*Data below*.

——

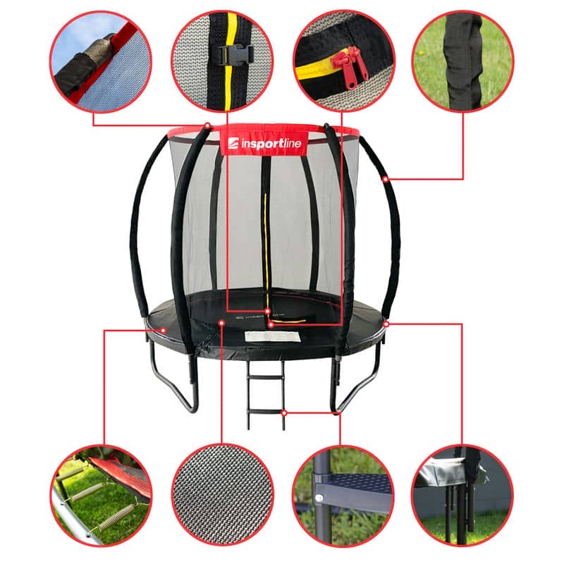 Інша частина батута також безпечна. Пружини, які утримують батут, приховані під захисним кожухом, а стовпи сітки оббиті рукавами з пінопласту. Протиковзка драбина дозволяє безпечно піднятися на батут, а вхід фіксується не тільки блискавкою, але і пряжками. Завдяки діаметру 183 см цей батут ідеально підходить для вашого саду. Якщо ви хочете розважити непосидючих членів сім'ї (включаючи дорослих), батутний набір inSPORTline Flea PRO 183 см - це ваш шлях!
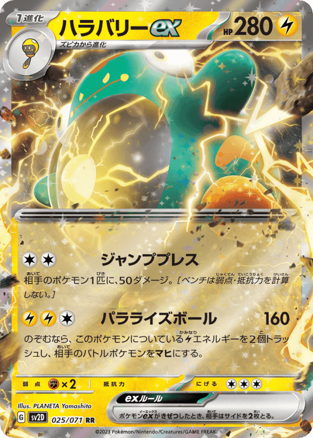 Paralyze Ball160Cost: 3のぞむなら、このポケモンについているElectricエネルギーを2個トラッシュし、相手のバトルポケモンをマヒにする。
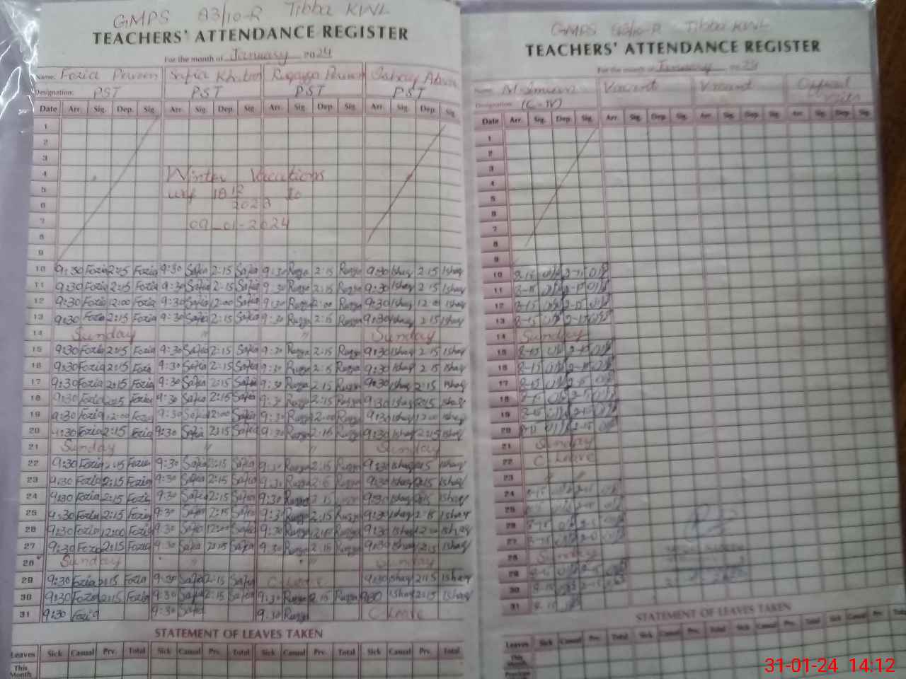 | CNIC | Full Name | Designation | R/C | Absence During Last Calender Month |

——

*Work task*. Line by line, return the listing above exactly, dropping every picture.

*Output below*.
 Інша частина батута також безпечна. Пружини, які утримують батут, приховані під захисним кожухом, а стовпи сітки оббиті рукавами з пінопласту. Протиковзка драбина дозволяє безпечно піднятися на батут, а вхід фіксується не тільки блискавкою, але і пряжками. Завдяки діаметру 183 см цей батут ідеально підходить для вашого саду. Якщо ви хочете розважити непосидючих членів сім'ї (включаючи дорослих), батутний набір inSPORTline Flea PRO 183 см - це ваш шлях!
 Paralyze Ball160Cost: 3のぞむなら、このポケモンについているElectricエネルギーを2個トラッシュし、相手のバトルポケモンをマヒにする。
 | CNIC | Full Name | Designation | R/C | Absence During Last Calender Month |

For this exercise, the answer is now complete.